(Saved data entries)
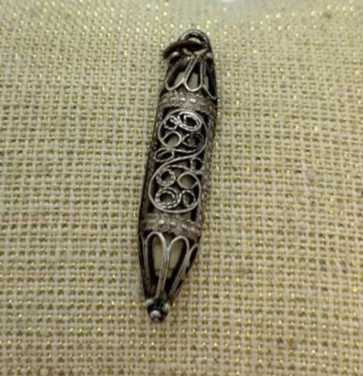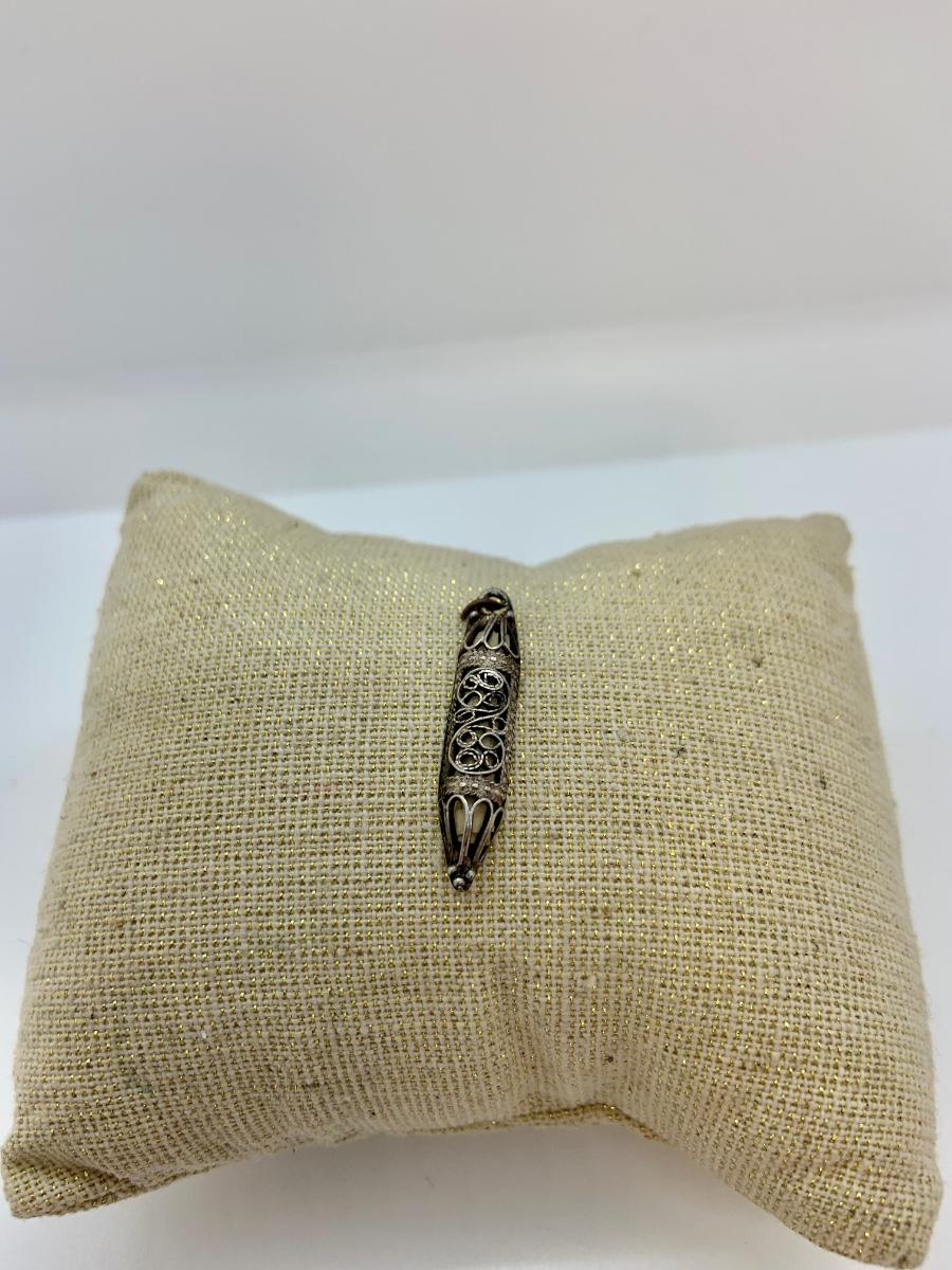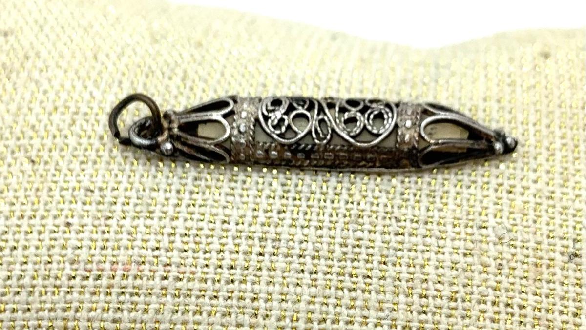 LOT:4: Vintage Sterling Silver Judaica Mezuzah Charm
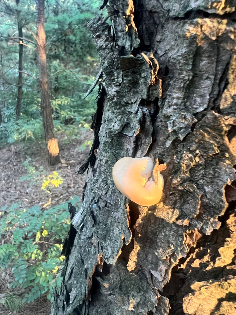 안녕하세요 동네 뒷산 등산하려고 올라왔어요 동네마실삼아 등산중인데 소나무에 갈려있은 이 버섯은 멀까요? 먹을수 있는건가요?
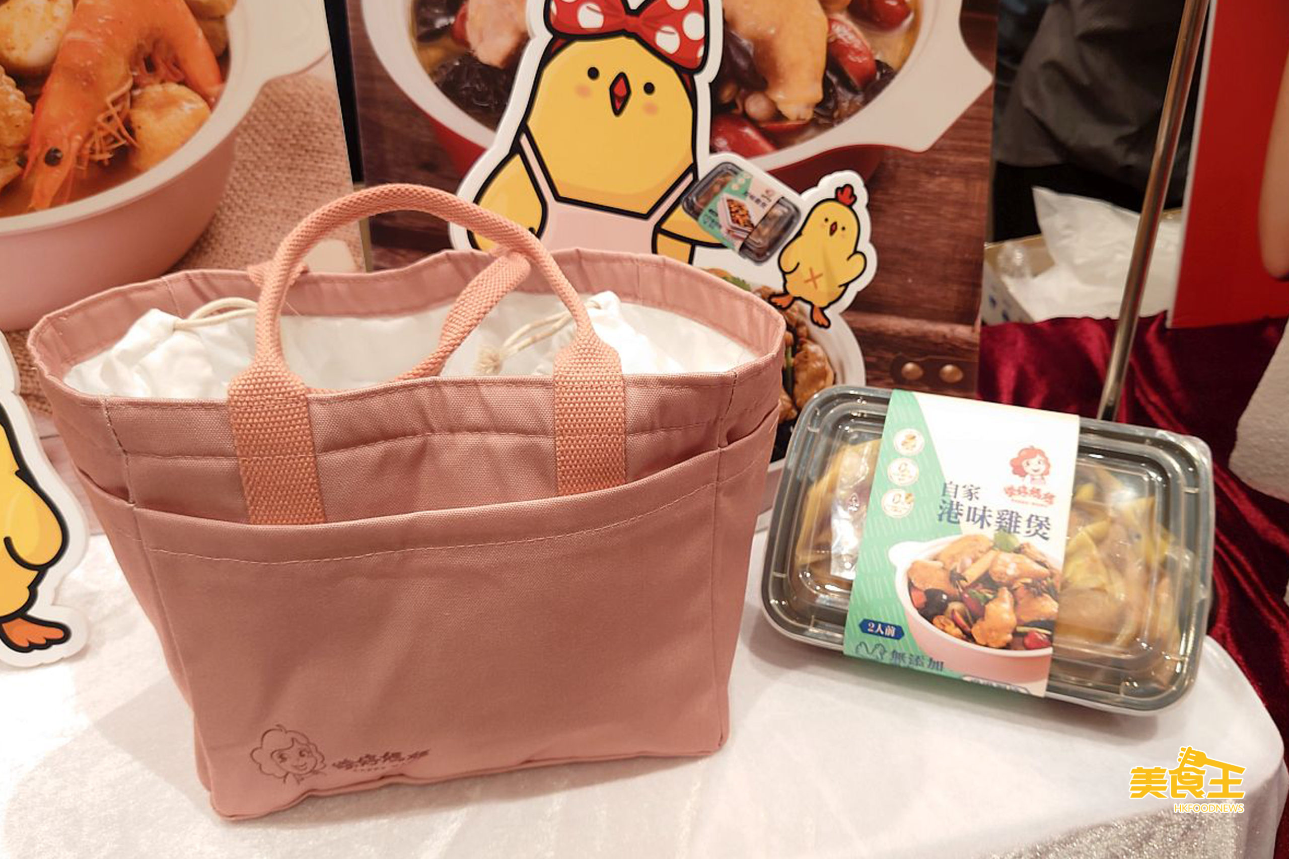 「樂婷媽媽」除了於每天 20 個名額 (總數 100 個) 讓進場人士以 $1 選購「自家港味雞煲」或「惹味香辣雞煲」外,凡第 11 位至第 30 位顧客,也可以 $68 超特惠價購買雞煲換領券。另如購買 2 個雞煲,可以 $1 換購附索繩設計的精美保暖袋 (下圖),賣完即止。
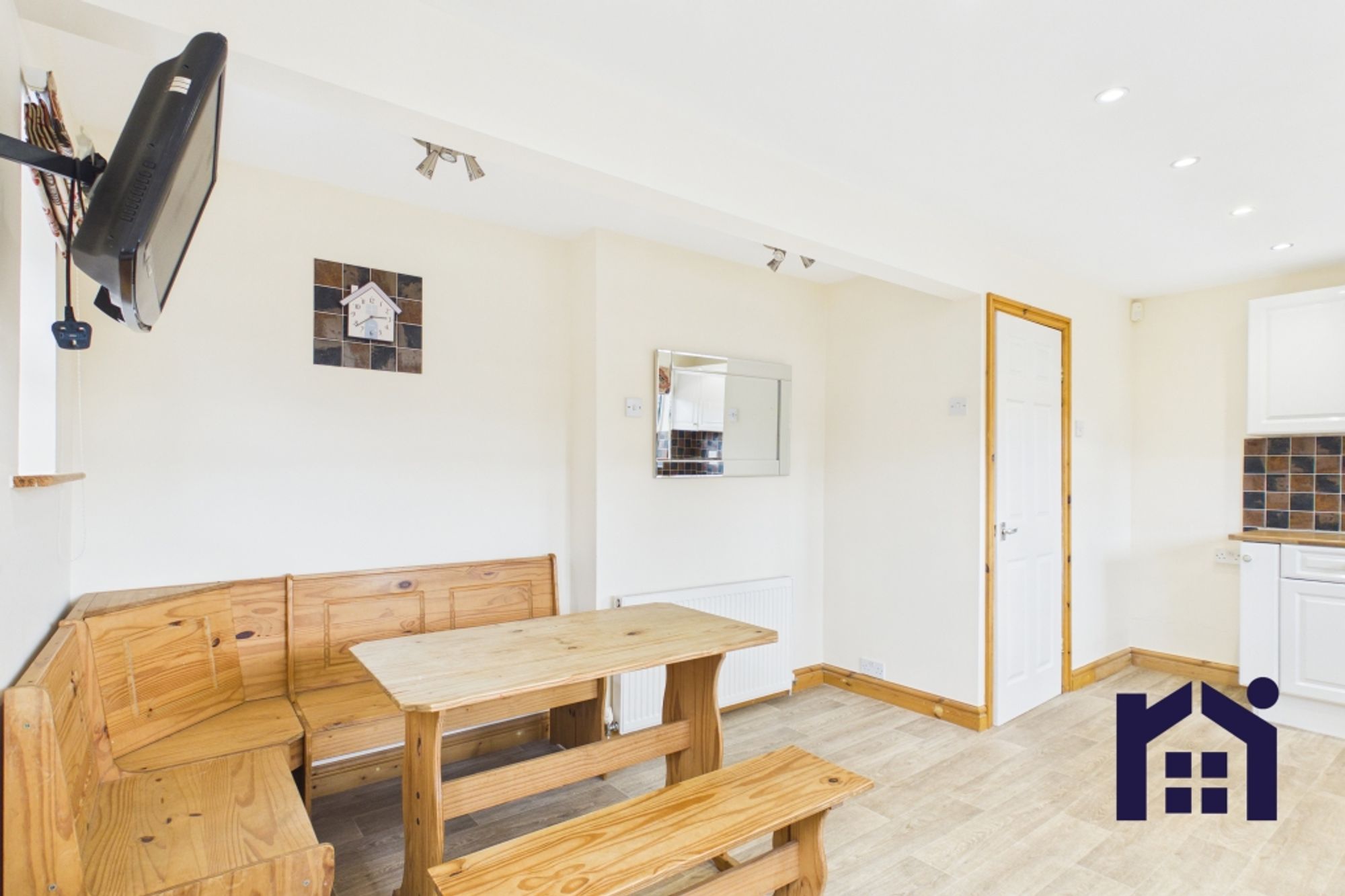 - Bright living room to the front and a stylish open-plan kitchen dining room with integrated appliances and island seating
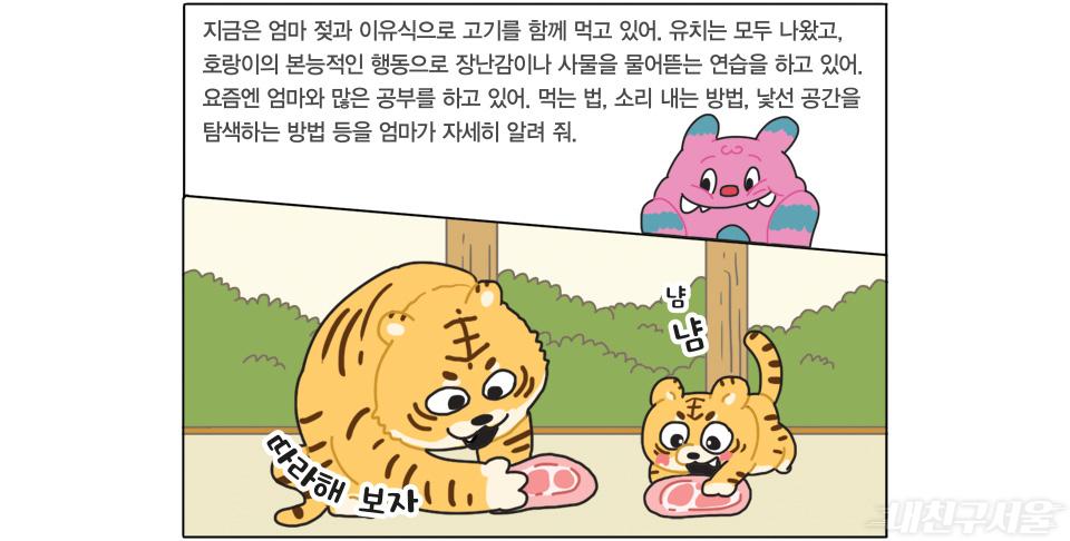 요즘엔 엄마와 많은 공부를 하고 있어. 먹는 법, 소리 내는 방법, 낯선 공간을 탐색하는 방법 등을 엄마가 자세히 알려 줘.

**Task requirements**
Reprint all the data above verbatim, excluding pictures.

**Response**
 LOT:4: Vintage Sterling Silver Judaica Mezuzah Charm
 안녕하세요 동네 뒷산 등산하려고 올라왔어요 동네마실삼아 등산중인데 소나무에 갈려있은 이 버섯은 멀까요? 먹을수 있는건가요?
 「樂婷媽媽」除了於每天 20 個名額 (總數 100 個) 讓進場人士以 $1 選購「自家港味雞煲」或「惹味香辣雞煲」外,凡第 11 位至第 30 位顧客,也可以 $68 超特惠價購買雞煲換領券。另如購買 2 個雞煲,可以 $1 換購附索繩設計的精美保暖袋 (下圖),賣完即止。
 - Bright living room to the front and a stylish open-plan kitchen dining room with integrated appliances and island seating
 요즘엔 엄마와 많은 공부를 하고 있어. 먹는 법, 소리 내는 방법, 낯선 공간을 탐색하는 방법 등을 엄마가 자세히 알려 줘.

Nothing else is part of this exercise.